De acordo com a Lei de Moore – que adotou o apelido do seu autor,
Gordon Moore, cofundador da Intel –, a capacidade dos microprocessadores
duplica a cada 18 meses. Este aumento exponencial explica porque é que o
smartphone no seu bolso tem muito mais capacidades do que os
computadores que, na década de 60 do século XX, chegavam a ocupar salas
inteiras.
Mas este crescimento veloz das capacidades não está apenas confinado
aos microprocessadores. Ocorre em todo o tipo de tecnologia, desde a
largura de banda da Internet até às quantidades de dados armazenados.
Tudo parece indicar que a tecnologia não se limita a progredir calmamente;
estamos perante um progresso em aceleração. O progresso gera mais
progresso.
Hoje em dia, os computadores ajudam a criar computadores com uma
necessidade cada vez menor de interação humana.
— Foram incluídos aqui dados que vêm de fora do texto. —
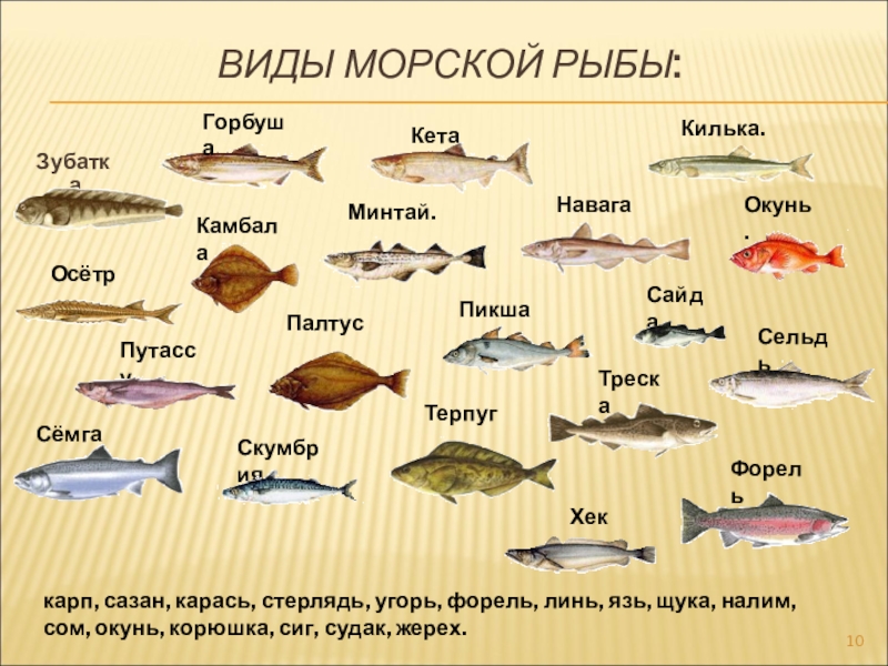 Слайд 10ВИДЫ МОРСКОЙ РЫБЫ: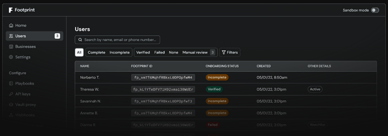 Footprint’s ‘identity infrastructure’ is designed to grow your business by simplifying complex onboarding and automating KYC and KYB processing. With built-in fraud detection, it helps prevent and protect against fraud and other financial crimes.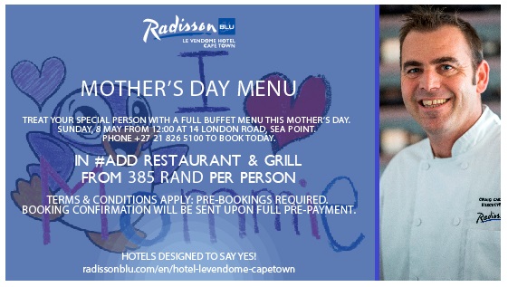 CAPE TOWN, April 19 – Mother’s Day will be celebrated in gourmet style at the luxurious Radisson Blu Le Vendome Hotel in Sea Point on Sunday, 8 May 2016, from 12pm with a special buffet menu to treat Moms, devised by Executive chef, Craig Carmichael.

Isto levou a que tenha
surgido alguma preocupação com a questão da “singularidade”, uma
matéria que está presente tanto nos maiores sonhos como nos maiores
pesadelos. A singularidade, neste caso, representa o ponto em que a
inteligência artificial se tornará mais inteligente do que o maior génio da
humanidade. Nesse momento da História, estaremos perante dois cenários
possíveis, sendo que cada indivíduo se orienta para um deles consoante a
sua tendência para o otimismo ou para o pessimismo. Ou nos fundimos e
evoluímos com essa tecnologia, transformando-nos em cyborgs felizes e
imortais; ou os nossos robôs com autoconsciência, as nossas torradeiras e os
nossos computadores portáteis vão subjugar-nos, tornando os humanos
escravos ou comendo-os ao pequeno-almoço.
Alguém pode prever qual dos dois cenários irá acontecer?
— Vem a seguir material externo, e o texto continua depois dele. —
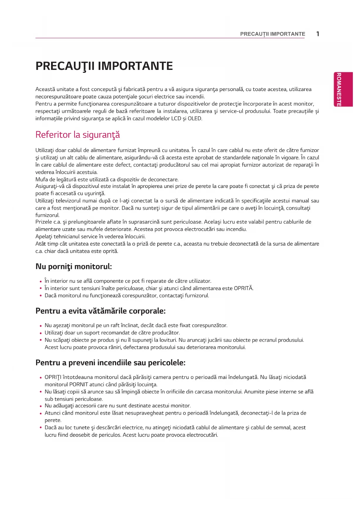 Această unitate a fost concepută şi fabricată pentru a vă asigura siguranţa personală, cu toate acestea, utilizarea necorespunzătoare poate cauza potenţiale şocuri electrice sau incendii. Pentru a permite funcţionarea corespunzătoare a tuturor dispozitivelor de protecţie încorporate în acest monitor, respectaţi următoarele reguli de bază referitoare la instalarea, utilizarea şi service-ul produsului. Toate precauțiile și informațiile privind siguranța se aplică în cazul modelelor LCD și OLED. Referitor la siguranţă Utilizaţi doar cablul de alimentare furnizat împreună cu unitatea. În cazul în care cablul nu este oferit de către furnizor şi utilizaţi un alt cablu de alimentare, asigurându-vă că acesta este aprobat de standardele naţionale în vigoare. În cazul în care cablul de alimentare este defect, contactaţi producătorul sau cel mai apropiat furnizor autorizat de reparaţii în vederea înlocuirii acestuia. Mufa de legătură este utilizată ca dispozitiv de deconectare. Asiguraţi-vă că dispozitivul este instalat în apropierea unei prize de perete la care poate fi conectat şi că priza de perete poate fi accesată cu uşurinţă. Utilizaţi televizorul numai după ce l-aţi conectat la o sursă de alimentare indicată în specificaţiile acestui manual sau care a fost menţionată pe monitor. Dacă nu sunteţi sigur de tipul alimentării pe care o aveţi în locuinţă, consultaţi furnizorul. Prizele c.a. şi prelungitoarele aflate în suprasarcină sunt periculoase. Acelaşi lucru este valabil pentru cablurile de alimentare uzate sau mufele deteriorate. Acestea pot provoca electrocutări sau incendiu. Apelaţi tehnicianul service în vederea înlocuirii. Atât timp cât unitatea este conectată la o priză de perete c.a., aceasta nu trebuie deconectată de la sursa de alimentare c.a. chiar dacă unitatea este oprită. Nu porniţi monitorul: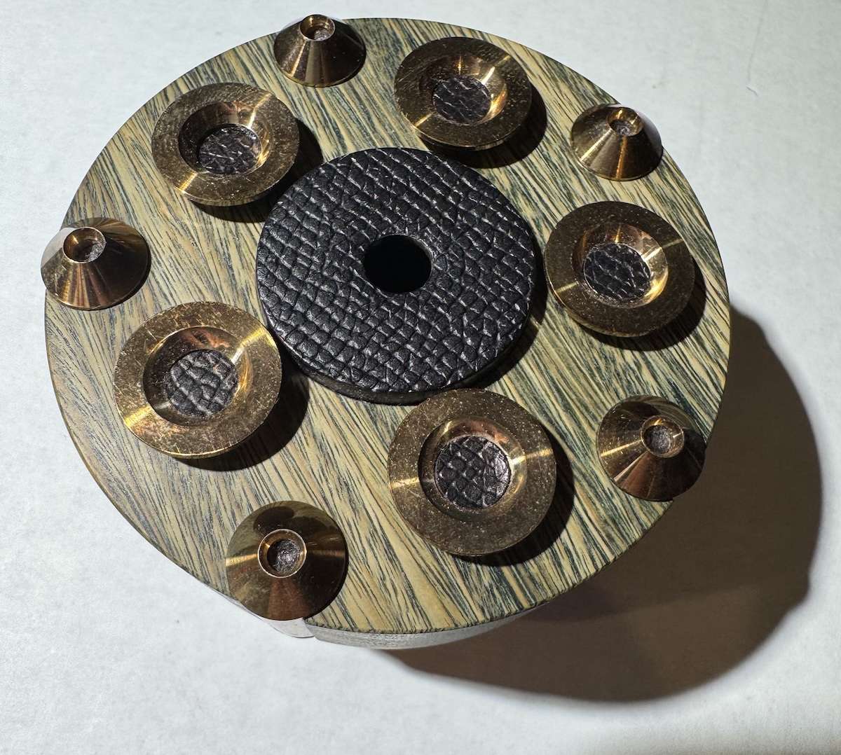 What’s the best weight material? What’s the best weight? What’s the best approach, damping or “tuning”? For decades it’s been based on listening and experimentation. That’s what led to the Shun Mook—a colleted weight made of rare dried ebony briar that in 2021 cost $5600. Not sure what it costs now but it’s a tuning type of weight that resonates at particular frequencies intended to enhance the sound. It’s long considered to be the “brown wood standard” of resonating type record weights.

No entanto, estamos a caminhar numa dessas direções. De acordo com o
mundialmente famoso inventor e futurista Ray Kurzweil, aproximamo-nos
da singularidade tecnológica. Para realçar este ponto de vista, Kurzweil
escreveu o best-seller intitulado, pois claro, The Singularity Is Near (A
Singularidade está Próxima).
No início do nosso século, Kurzweil defendeu que “não vamos ter 100
anos de progresso durante o século XXI; vai ser qualquer coisa como 20 mil
anos de progresso (e isto tendo em conta o nosso nível atual)”. Convém
dizer que Kurzweil não é um excêntrico, sob o efeito de erva, que assistiu a
demasiados filmes de ficção científica. As previsões que tem feito
costumam revelar-se verdadeiras. Por exemplo, em 1990 previu que até ao
final da década um computador conseguiria vencer o campeão mundial de
xadrez. As pessoas riram-se da profecia. Mas, em 1997, o melhor xadrezista
do mundo, Garry Kasparov, foi derrotado pelo computador Deep Blue, da
IBM.
E pensem no que aconteceu nestas primeiras décadas do século XXI.
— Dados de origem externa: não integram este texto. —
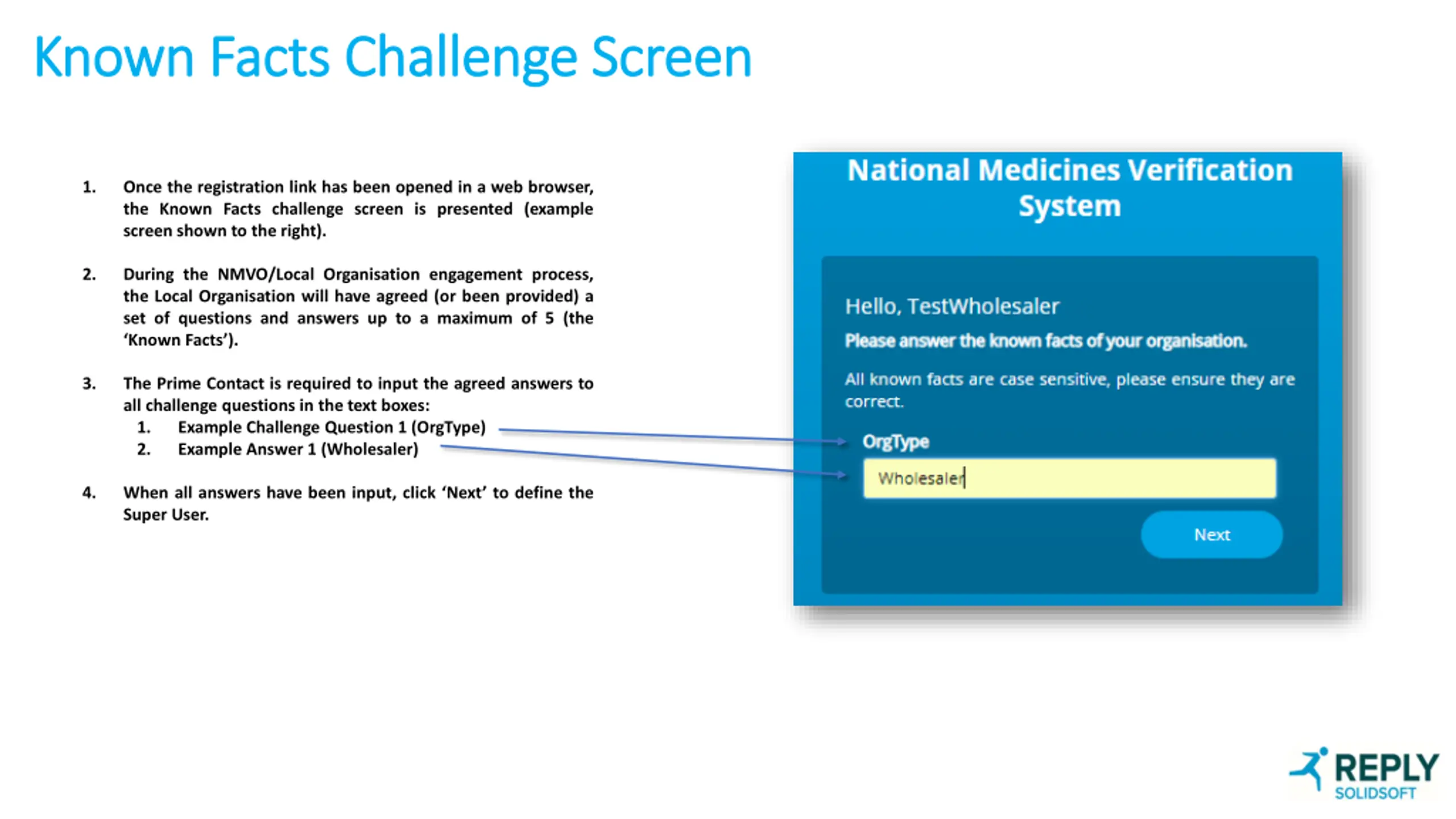 Known Known Facts Challenge Screen Facts Challenge Screen 1. Once the registration link has been opened in a web browser, the Known Facts challenge screen is presented (example screen shown to the right). 2. During the NMVO/Local Organisation engagement process, the Local Organisation will have agreed (or been provided) a set of questions and answers up to a maximum of 5 (the KnownFacts ). 3. The Prime Contact is required to input the agreed answers to all challenge questions in the text boxes: 1. Example Challenge Question 1 (OrgType) 2. Example Answer 1 (Wholesaler) 4. When all answers have been input, click Next to define the Super User.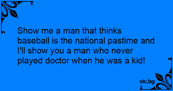 Show me a man that thinks baseball is the national pastime and I'll show you a man who never played doctor when he was a kid!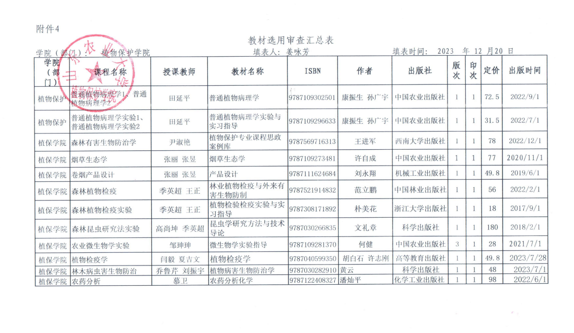为加强教材管理,切实提高教材选用价值导向,根据教育部《普通高等学校教材管理办法》《山东农业大学教材管理办法》等相关要求,学院开展了2023-2024学年第二学期新增选用教材审查工作,现公示如下:

Pensem na rapidez com que a nossa normalidade mudou. A Internet
apoderou-se das nossas vidas. Tornámo-nos mais e mais dependentes dos
cada vez mais inteligentes smartphones. Há máquinas que conseguem
sequenciar os genomas humanos até à casa dos milhares. Os terminais de
pagamento automático são o novo padrão. Os veículos autónomos deixaram
de ser uma profecia louca para se tornarem um modelo de negócio do
mundo real, pondo em perigo os empregos dos taxistas.
Pensem que, no ano 2000, ninguém sabia o que era uma selfie. O
Google já existia, mas googlar estava longe de se tornar um sinónimo de
pesquisar na Internet. Não havia YouTube, nem Wikipedia, nem WhatsApp,
nem vlogging, nem Snapchat, nem Skype, nem Spotify, nem Siri, nem
Facebook, nem bitcoins, nem tweets com gifs, nem Netflix, nem iPads, nem
“lol” ou “ICYMI” [in case you miss it; “só para o caso de teres perdido”],
nem emojis de chorar-de-rir, quase ninguém tinha GPS, geralmente viam-se
fotografias em álbuns e a nuvem era apenas aquela coisa que fazia chover.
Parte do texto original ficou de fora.